═══ Supplied material
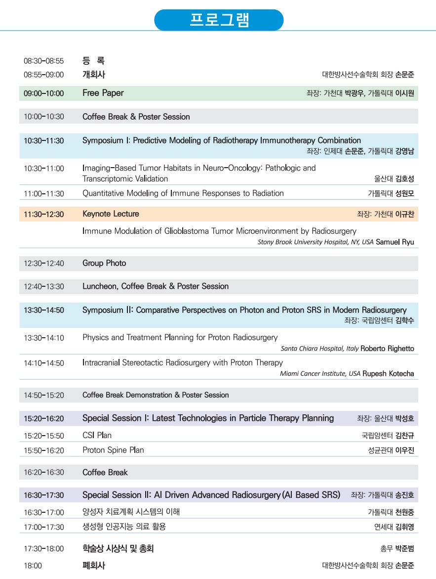 또한 ▲방사선치료와 면역반응 정량 모델링 ▲양성자 방사선수술 치료계획 ▲광자와 양성자 정위 방사선수술(SRS) 비교 ▲입자치료 최신 기술 ▲AI 기반 방사선수술 등 다양한 주제의 심포지엄을 개최할 예정이다.
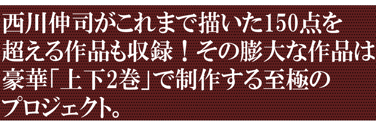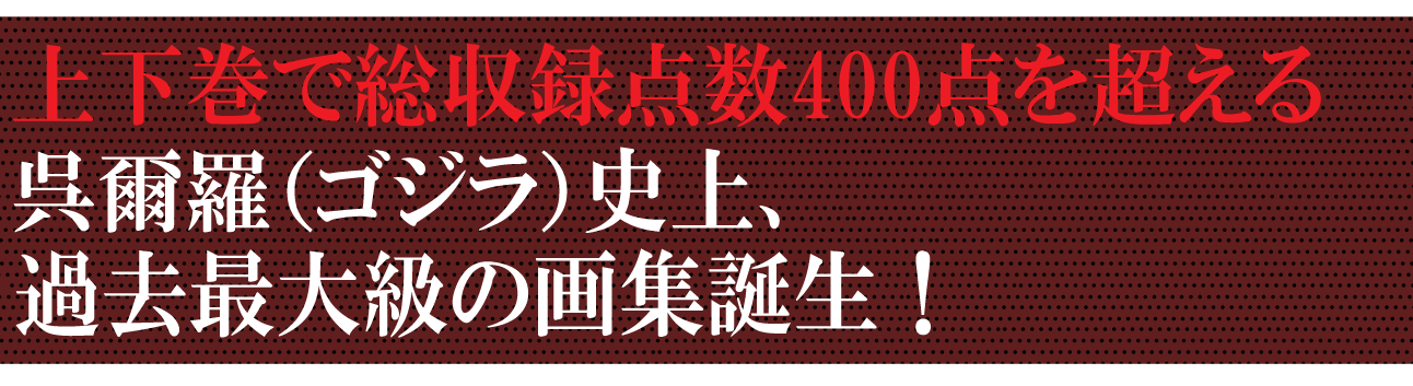 原画展では、西川伸司がその場で繰り広げる驚愕の筆画の「LIVE DRAWING」が行われ、とてもスペクタクルなエンターテイメントであり、瞬く間に目の前で描かれる数々のゴジラたち怪獣群は眼福なひとときです。今回の画集では、「LIVE DRAWING」 作品 がもちろん、西川伸司がこれまでに描いた150点余りの作品をはじめ、原画展「西川伸司原画展 呉爾羅<ゴジラ>弐百態」のために描き下ろされた初公開作品を完全収録いたします!その迫力の膨大な原画作品は1冊ではおさまりきらず、上下2巻で制作する至極のプロジェクトとなります。
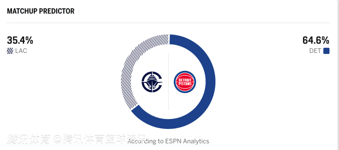 快船35.4%,活塞64.6%
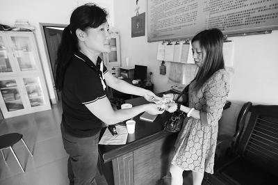 张春芳(图左)将170元独生子女费交给江女士。记者杨涛 摄
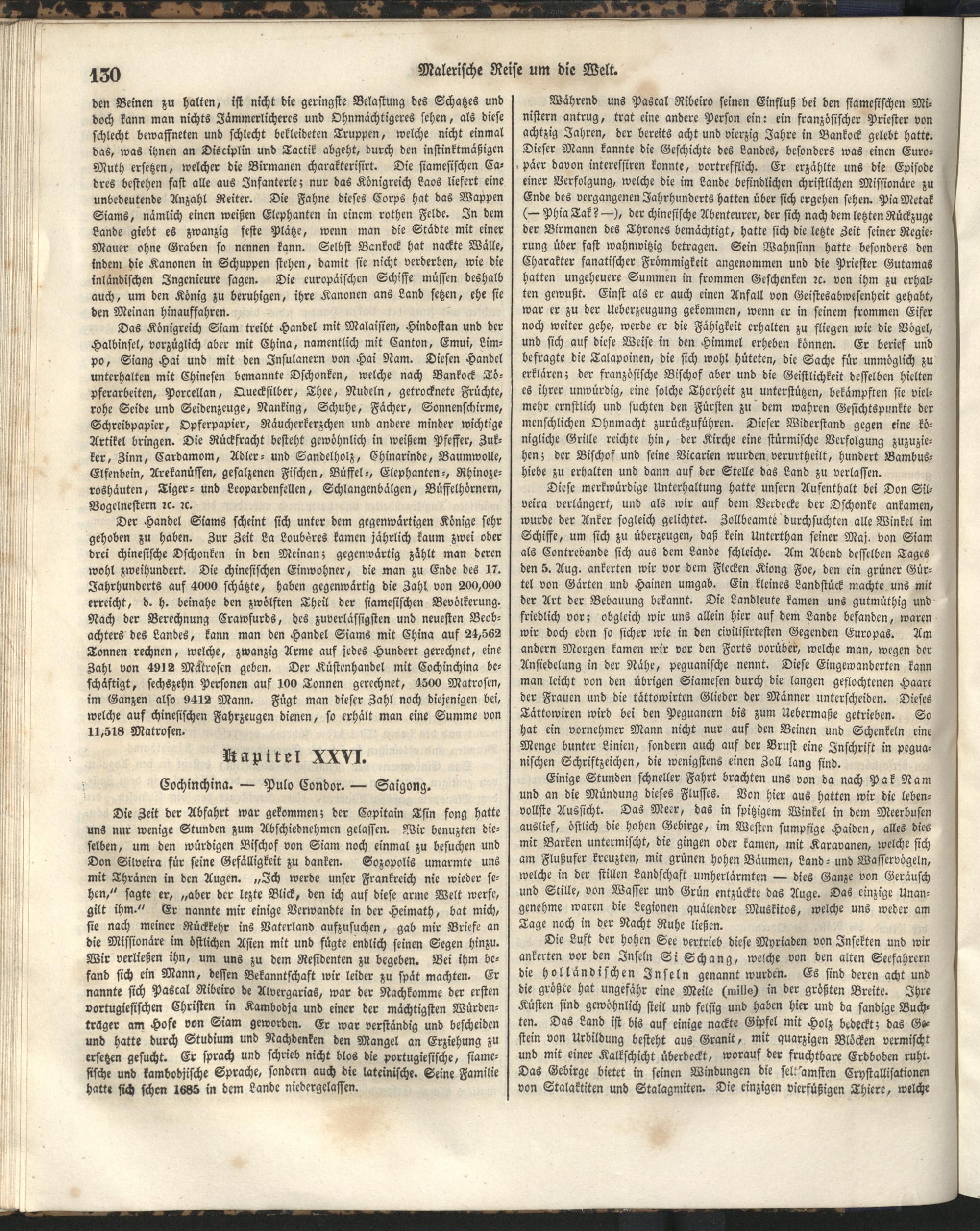 1 (1835) Malerische Reise um die Welt : Eine geordnete Zusammenstellung des Wissenswerthesten von den Entdeckungsreisen eines Magellan, Tasman, Dampier, Anson, Byron, Wallis, Carteret, Bougainville, Cook, Laperouse, Bligh, ... ; Mit Karten und 500 Abbildungen / verfaßt von einer Gesellschaft Reisender und Gelehrter unter der Leitung des Herrn Dümont d'Urville. In's Deutsche übertragen und mit einigen Anmerkungen und Zusätzen versehen von Dr. A. Diezmann
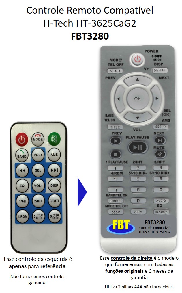 Fornecemos apenas o controle compatível (controle remoto que está a direita da imagem).
══════
Transcribe every line from the one with "DRAWING」 作品 がもちろん、西川伸司がこれまでに描いた150点余りの作品をはじめ、原画展「西川伸司原画展" to the last line of the records above, exactly, excluding pictures.

 原画展では、西川伸司がその場で繰り広げる驚愕の筆画の「LIVE DRAWING」が行われ、とてもスペクタクルなエンターテイメントであり、瞬く間に目の前で描かれる数々のゴジラたち怪獣群は眼福なひとときです。今回の画集では、「LIVE DRAWING」 作品 がもちろん、西川伸司がこれまでに描いた150点余りの作品をはじめ、原画展「西川伸司原画展 呉爾羅<ゴジラ>弐百態」のために描き下ろされた初公開作品を完全収録いたします!その迫力の膨大な原画作品は1冊ではおさまりきらず、上下2巻で制作する至極のプロジェクトとなります。
 快船35.4%,活塞64.6%
 张春芳(图左)将170元独生子女费交给江女士。记者杨涛 摄
 1 (1835) Malerische Reise um die Welt : Eine geordnete Zusammenstellung des Wissenswerthesten von den Entdeckungsreisen eines Magellan, Tasman, Dampier, Anson, Byron, Wallis, Carteret, Bougainville, Cook, Laperouse, Bligh, ... ; Mit Karten und 500 Abbildungen / verfaßt von einer Gesellschaft Reisender und Gelehrter unter der Leitung des Herrn Dümont d'Urville. In's Deutsche übertragen und mit einigen Anmerkungen und Zusätzen versehen von Dr. A. Diezmann
 Fornecemos apenas o controle compatível (controle remoto que está a direita da imagem).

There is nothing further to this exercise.